Suspects awaiting trial in SF will no longer be assigned to home confinement or an ankle monitor, and must proceed directly to jail, because the SF Sheriff’s Office is yanking the ankle monitor program over a legal rift on warrantless searches.
We’ve covered before how ankle monitors are not terribly effective at keeping suspects awaiting trial out of trouble, as people can remove them, or just blatantly commit crimes while still wearing the ankle monitor. But ankle monitors are still effective in the sense they keep people out of San Francisco’s overcrowded and understaffed jails while they await their trial.
Yet now the ankle monitoring program has become embroiled in legal controversy, because of a lawsuit brought by the ACLU on behalf of three SF defendants. That lawsuit complains that participating in SF’s ankle monitor program also subjects defendants to warrantless searches of their homes. A federal judge recently ruled in their favor, and ordered the warrantless search aspect of this program to be discontinued.
SAN FRANCISCO TO APPEAL COURT RULING: Today Sheriff Miyamoto was joined by @LondonBreed @BrookeJenkinsSF @DavidChiu to announce the City’s fight against a recent federal ruling that bars the#SFsheriff from requiring criminal defendants to consent to warrantless searches as a… pic.twitter.com/zzo2Qd7uzu
— SF Sheriff's Office (@SheriffSF) October 3, 2024
So now NBC Bay Area reports that SF Sheriff Paul Miyamoto is suspending SF’s ankle monitoring program in protest of the decision. At a Thursday press conference with Mayor Breed and DA Jenkins, Miyamoto said he was unwilling to let suspects avoid jail if his department could not perform warrantless searches on their homes.

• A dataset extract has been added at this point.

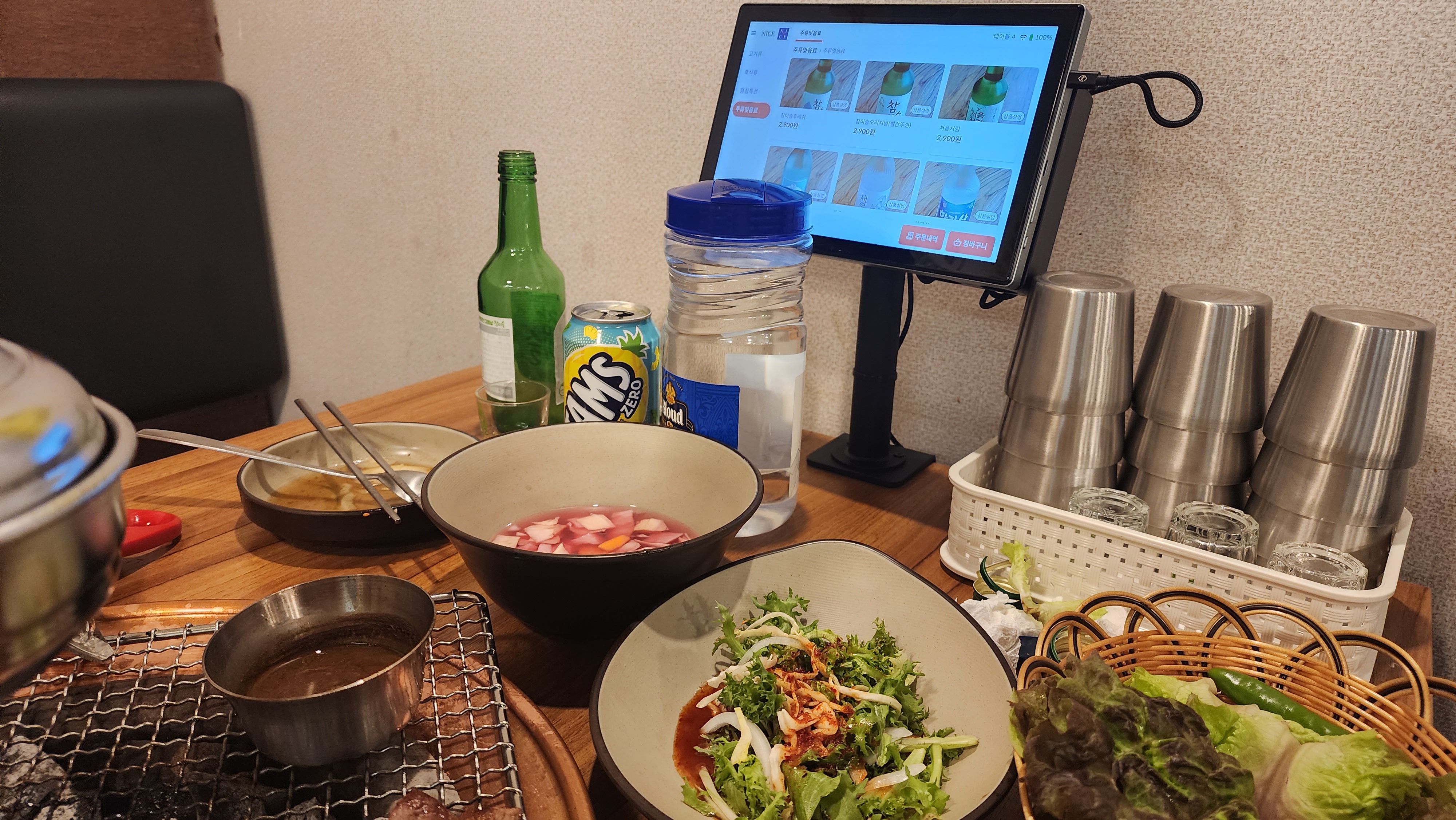 요즘 주문은 이런 키오스크 테블릿으로 하는데 여기도 이런 구조다.

"It is for that reason that — from the onset of this case — our office and the city attorney's office have repeatedly made it clear that we could not safely administer this valuable program without the warrantless search condition," Sheriff Miyamoto said Thursday, per KPIX.
City Attorney David Chiu told NBC Bay Area he’s appealing parts of the decision to the Ninth Circuit Court of Appeals, in hopes of winning back the right to the warrantless searches.

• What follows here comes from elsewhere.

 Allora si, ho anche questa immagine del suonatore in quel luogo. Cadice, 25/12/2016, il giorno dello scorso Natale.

The suspension of the ankle monitor program does not affect the estimated 400 SF suspects currently awaiting trial and wearing ankle monitors. But no new suspects will be assigned ankle monitors, they will be hauled right to SF County Jail to await trial there.
The ACLU points out that the court is not forcing the suspension of the ankle monitoring program, and thinks Miyamoto is just overreacting here. “It is not the federal court order that has required the sheriff to stop operating its program," ACLU of Northern California staff attorney Emi Young explained to KPIX. "It is the sheriff that has decided to stop operating [the program] as a result of the disagreement with the court's order."

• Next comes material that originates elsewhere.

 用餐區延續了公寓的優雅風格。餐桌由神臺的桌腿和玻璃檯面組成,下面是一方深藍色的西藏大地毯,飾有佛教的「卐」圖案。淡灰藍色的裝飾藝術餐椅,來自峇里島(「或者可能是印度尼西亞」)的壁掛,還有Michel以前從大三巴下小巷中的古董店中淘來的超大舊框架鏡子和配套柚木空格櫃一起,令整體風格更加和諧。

Miyamoto’s decision could backfire. He had already been complaining of staffing shortages in the jails and violent behavior by prisoners, likely due to more suspects coming in thanks to the Tenderloin/SoMa drug crackdown. This will only stock County Jail with yet more prisoners, which the facility may struggle to find the capacity and staffing to handle.
And that could cause a problem right before election time for Miyamoto, who is up for reelection next month. That said, he only faces a longshot challenge from a little-known SFPD officer named Michael Juan.